**WORK REQUEST:** No pictures should appear. The lines from the beginning of the listing through the one holding "Ingredients: Apple pieces, Hibiscus" must be reproduced exactly, and nothing more.

**GIVEN DATA:**
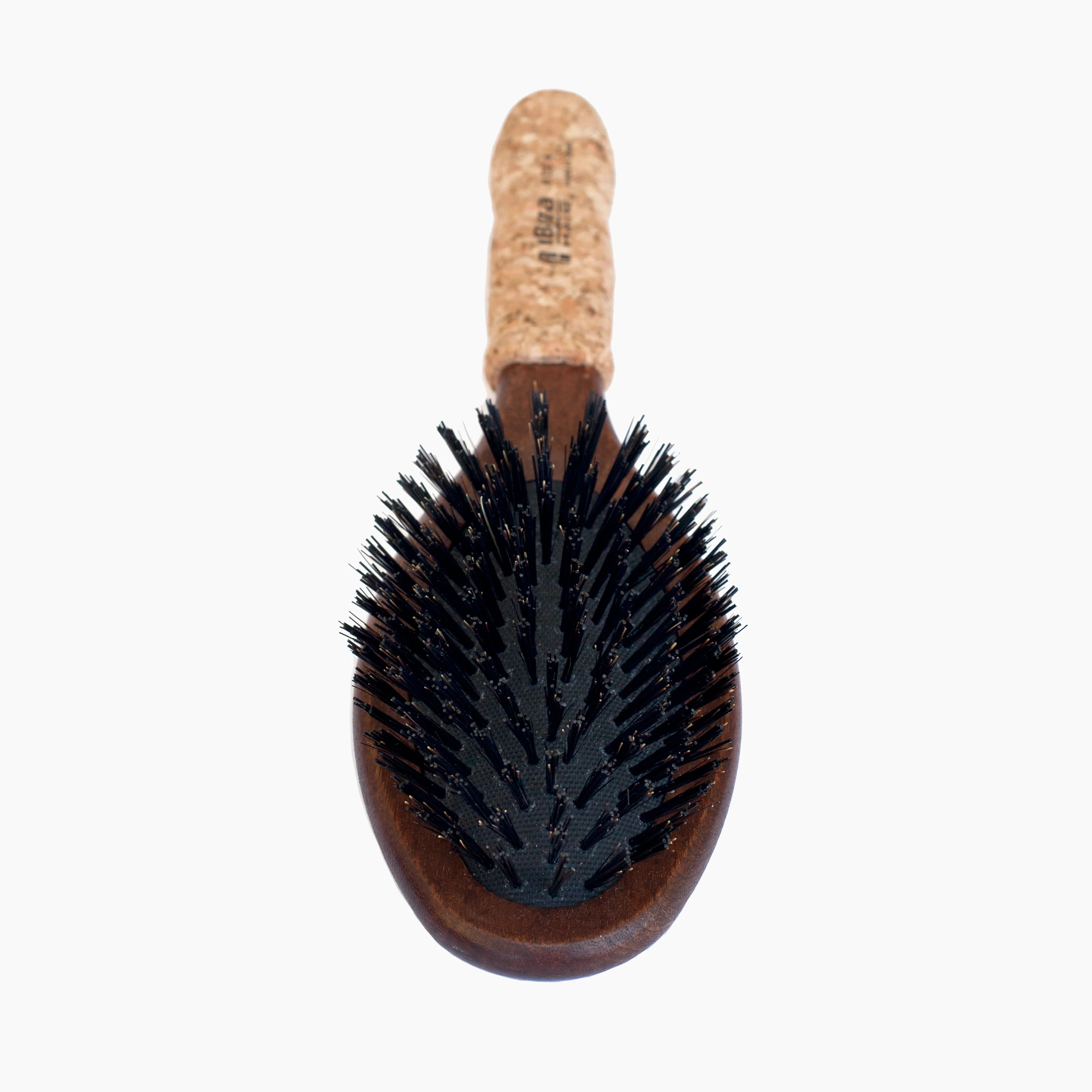 The OC4 is an oval flat brush with reinforced boar bristles and a cork handle.
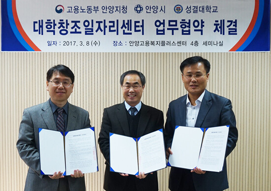 [대학저널 이원지 기자]성결대학교(총장 윤동철)가 지난 8일, 고용노동부 안양지청 안양고용복지플러스센터 세미나실에서 안양시, 고용노동부 안양지청과 ‘대학창조일자리센터 업무협약식’과 ‘2017년 지역·산업 맞춤형 일자리 창출 사업 약정 체결식’을 가졌다.
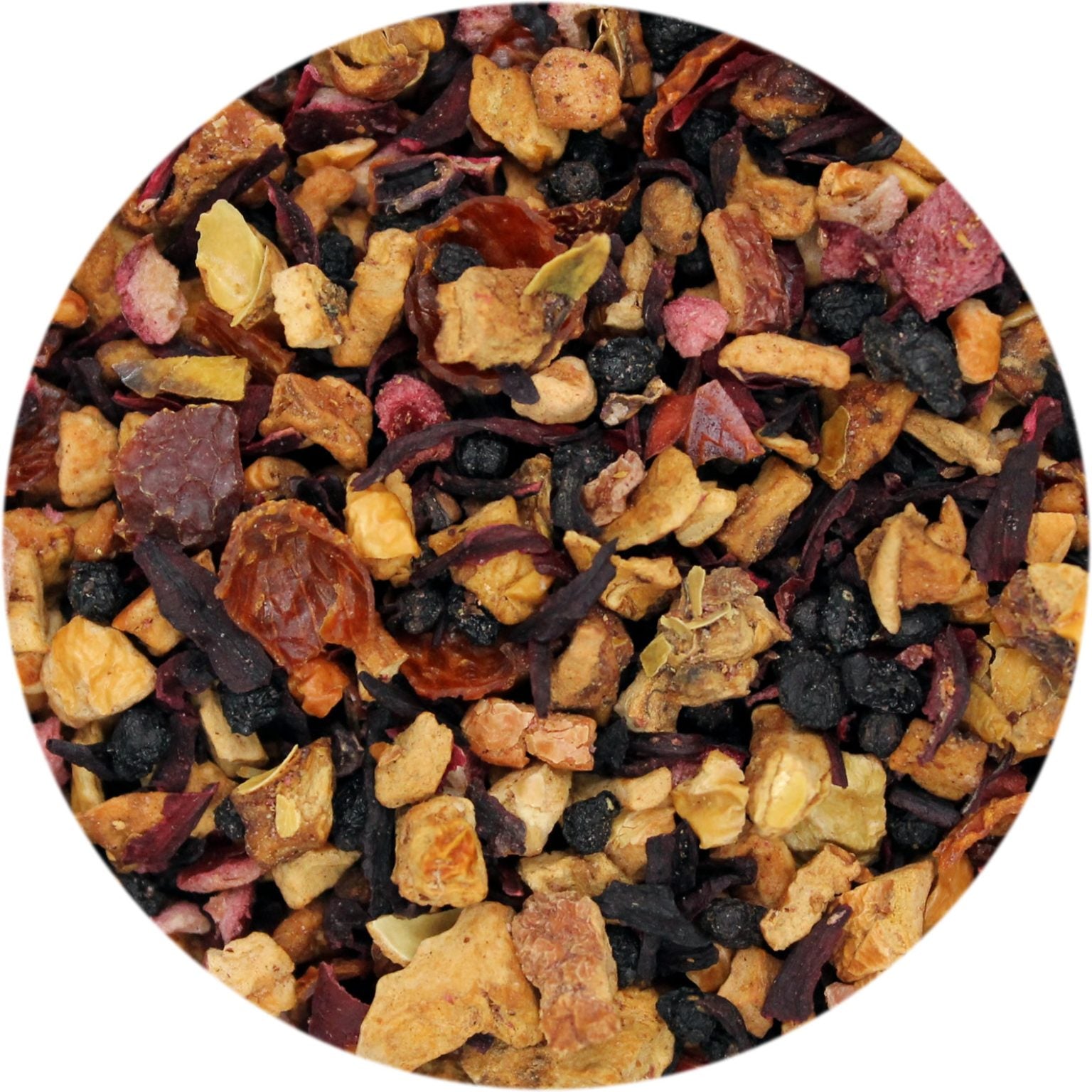 Ingredients: Apple pieces, Hibiscus petals, Rosehip, Elderberry, Cranberry pieces, Natural flavors.
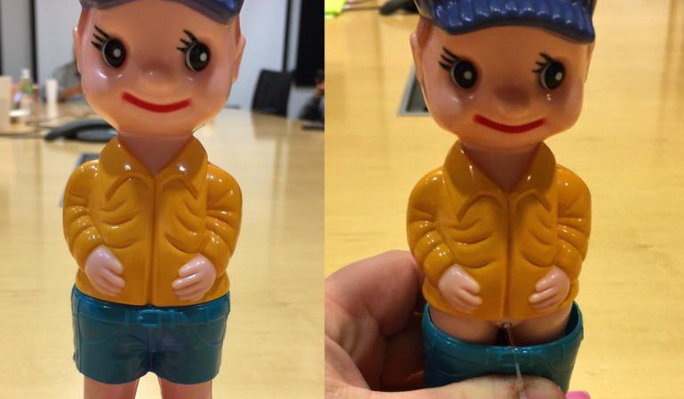 El muñeco de la parrilla es considerado por los clientes, algo gracioso, por su forma de ‘orinar’, pero para esta pareja no fue divertido.

**SOLUTION FOR THIS PROBLEM:**
 The OC4 is an oval flat brush with reinforced boar bristles and a cork handle.
 [대학저널 이원지 기자]성결대학교(총장 윤동철)가 지난 8일, 고용노동부 안양지청 안양고용복지플러스센터 세미나실에서 안양시, 고용노동부 안양지청과 ‘대학창조일자리센터 업무협약식’과 ‘2017년 지역·산업 맞춤형 일자리 창출 사업 약정 체결식’을 가졌다.
 Ingredients: Apple pieces, Hibiscus petals, Rosehip, Elderberry, Cranberry pieces, Natural flavors.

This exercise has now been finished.